Güneşi Beklerken: Mahşerin dört tatlısı
22 Kasım 2014
GÖKÇE YANARDAĞ: LEOPAR BOTLAR MESELESİ
Ah
Gökçe Yanardağ ah.. O nasıl bir zerafet, endam, içli dışlı güzellik
anlatamam. Hayran olunası bir ışığı var. Zaten hangi işin içinde dursa
kendini hemen fark ettiren pırıltısı bu sefer tam yerini bulmuş. Şahsen
alınan gücenen olmasın ama galiba GB kadrosunda en beğendiğim karakter
ve performanslardan biri kesinlikle Tülin ile Gökçe Yanardağ’a ait.
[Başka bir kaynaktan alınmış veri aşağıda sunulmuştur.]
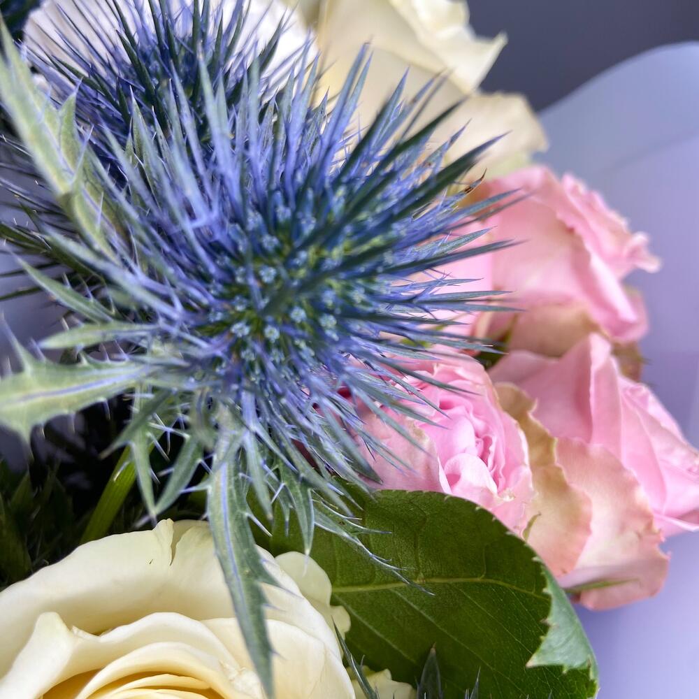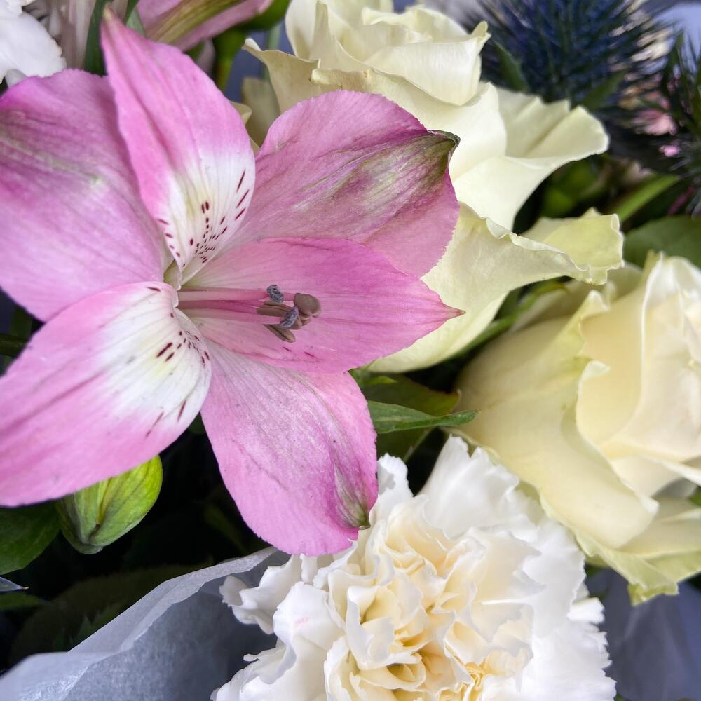 Альстромерия – 1 шт.Роза кустовая – 2 шт.Упаковка – 1 шт.Гвоздика – 4 шт.Эрингиум синий – 2 шт.Роза белая мондиаль – 3 шт.

Twitter arkadaşlığımızı cismi tanışıklığa denklemek Samandıra setine
nasipmiş. Dünyanın bir ucu. Kurumsal İletişim’de çalışan ve bana bütün
bu ziyaretler boyunca eşlik eden Esra bir gün önce aradı ve “Araç
ayarladım,” dedi. Anlayacağınız dünyanın bir diğer ucundaki sete
prodüksiyonun nezaketi ile ulaştım.
Sete adım attığım andan itibaren
herkes “Gökçe ile tanıştın mı? Bayılırsın!” uyarısında bulundular. Gökçe
Yanardağ, Güneşi Beklerken’in yetişkinler kadrosunda. Neşeli,
yeteri kadar yumuşak, rol arkadaşlarına ‘genç’ muamelesi yapmayan,
onlarla ortak bir başarıya imza attıklarının bilincinde olacak kadar
özgüvenli bir oyuncu. Leopar botlarıyla başı dertte. Eve dönerken (biz
dönerken ekibin büyük bir kısmı hala çalışıyordu) serviste uzun uzun
eski zamanlar ve topuklu ayakkabılar üzerine sohbet ettik. Ben, “Şimdiki
kızlar yüksek topukluları giymiyor, biniyor,” diyerek size laf sokarken
o sizi ölümüne savunup ayakkabıların ergonomik ve kalite sorunundan dem
vurdu. Gökçe Yanardağ’dan size hep destek, tam destek!